The Pinwheel Galaxy (M101) before the supernova explosion, and at right the supernova at maximum brightness. Credit: BJ Fulton (LCOGT), PTF & the Space Telescope Science Institute

A stellar explosion has helped astronomers to confirm the leading theory as to what causes type Ia supernovae. The explosion is the closest to the Solar System in the past 25 years, and was spotted a mere 11 hours after light from its eruption first reached Earth.

The favoured model suggests that a type Ia supernova is triggered when a white dwarf — an inactive star that crams roughly the mass of the Sun into the volume of the Earth — siphons material from a companion star. The extra mass triggers a thermonuclear explosion that blows the dwarf to smithereens.

Supernova SN 2011fe occurred in the Pinwheel galaxy, just 6.4 million parsecs (21 million light years) away from Earth. Analysing observations of the supernova made in August, a team of astronomers reports today in Nature1 that it has for the first time identified the type of star that exploded. Another team has narrowed down the probable nature of the companion star that triggered the eruption2.

Compact culprit

Researchers in the first team calculated the energy of the shock wave that ripped through the star, and learned that the original star could have been no bigger than about one-tenth the radius of the Sun1. It was dense and compact, strongly indicating a white dwarf, says Peter Nugent, an astronomer at the Lawrence Berkeley National Laboratory in Berkeley, California, and a co-author of both studies.

“Until now, white dwarfs were just theoretically implicated in type Ia supernovae,” adds Andy Howell, an astronomer at Las Cumbres Observatory Global Telescope Network in Goleta, California, who is also a co-author of both papers. “Now we've finally got the goods.”

The team's observations also revealed the composition of the white dwarf. Early in the explosion, the researchers were able to record the light spectra of material from the lower-density, outermost layers of the star, including small bits that hadn’t burned at all. They found the fingerprints of carbon and, for the first time, oxygen, moving at high speed. Nugent and his colleagues conclude that the star that exploded was a white dwarf composed mostly of carbon and oxygen. 

The team also concluded that the white dwarf’s companion was probably a star that still burns hydrogen at its core, as the Sun does, rather than a larger red giant. Had the expanding shock wave from the exploded star collided with a red giant, the explosion would have become much brighter than was observed.

No giants

Using independent methodology, Weidong Li, an astronomer at the University of California, Berkeley, and his colleagues also ruled out a red giant as the companion star2. Li and his collaborators analysed high-resolution images of the Pinwheel galaxy, taken by the Hubble Space Telescope before the star exploded. The Hubble pictures do not record a star in what would be the location of the supernova, thus eliminating the possibility that the companion star was a red giant, which would have been bright, bloated and therefore easily visible.

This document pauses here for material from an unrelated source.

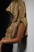 Metallic gold wrapped hooded top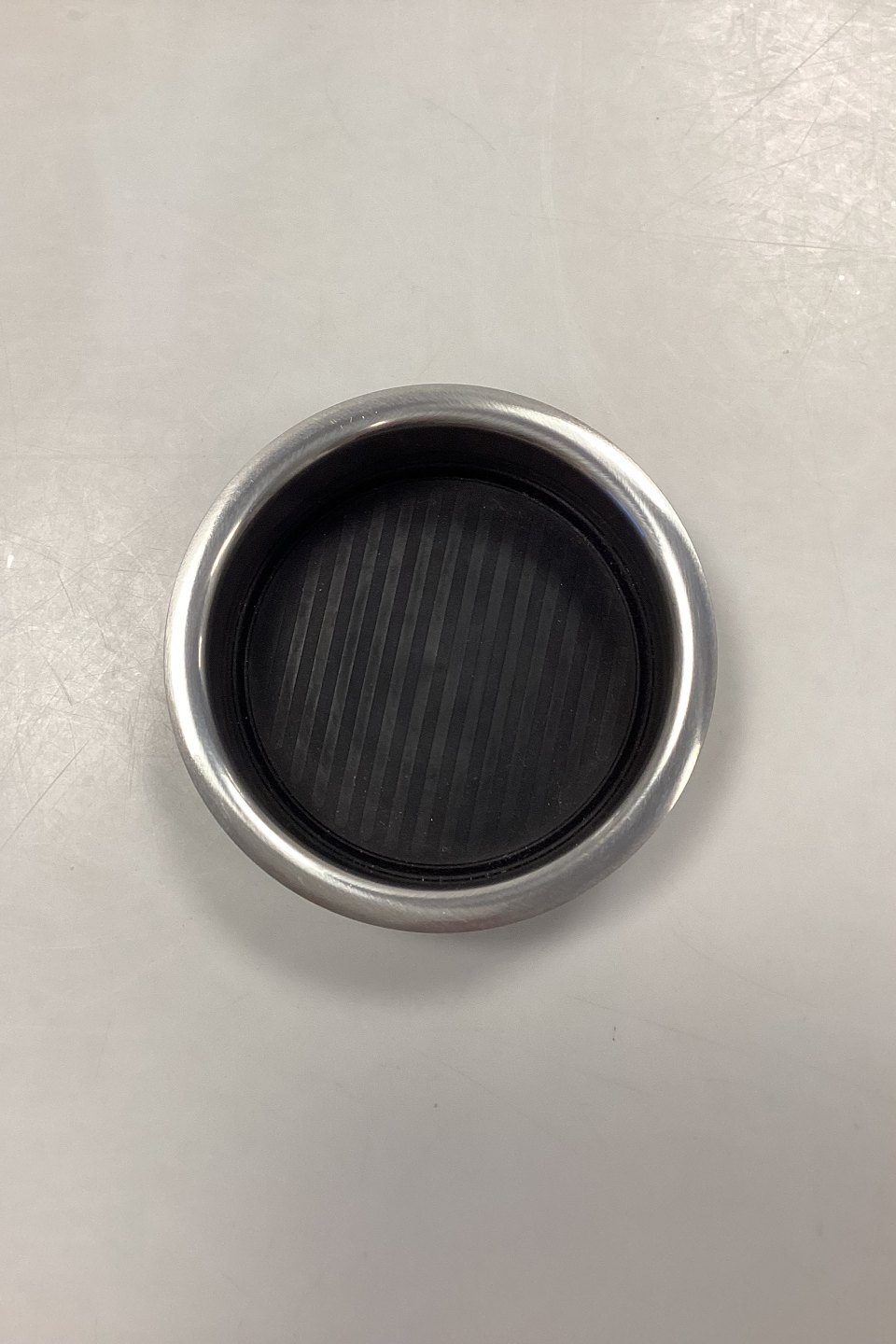Stelton Stainless Steel Bottle Tray with rubber bottom. Measures 3.5 cm x 11.8 cm / 1.38 in. x 4.65 in.

Stan Woosley, a theoretical astronomer at the University of California, Santa Cruz, notes that although the companion's identity remains unknown, the findings seem to vindicate the standard model for type Ia supernovae — down to the type of white dwarf at the heart of the event. He adds that the companion can't have been very small or faint, given that it must have been able to donate a sizable chunk of mass to the white dwarf.

The result carries a larger significance because observations of type Ia supernovae are commonly used as 'standard candles' to probe the expansion of the universe: this year’s Nobel Prize in Physics was awarded to the heads of two teams who used the explosions to discover that cosmic expansion is accelerating rather than slowing down (see '2011 Nobel Prize for Physics: supernovae and the accelerating universe'). Nugent says that by helping to explain how the explosions come about, the latest papers could make type Ia supernovae even more useful as standard candels.

The SN 2011fe observations “will be powerful constraints when the detailed credible models finally emerge”, says Woosley. He also notes that observations of other type Ia supernovae will be needed to determine the level of diversity within the class and whether that diversity will limit how accurately astronomers can measure cosmic expansion based on supernova data.

To that end, a means for obtaining more and better supernovae observations could be less than a decade away. SN 2011fe was discovered by the Palomar Transient Factory in California, a group of robotic telescopes that scans the skies nightly and alerts astronomers if the brightness of a body has changed. Astronomers are hoping that by 2020, a similar but much larger robotic telescope, the Large Synoptic Survey Telescope, will be open for business. This 8.4-metre instrument will scan the entire visible sky every week and could be an important tool for discovering whether type Ia supernovae can have different compositions or types of companions.

“Given the state of computers and the plans for ever larger transient surveys, I expect we are going to learn a lot, possibly pretty soon,” says Woosley.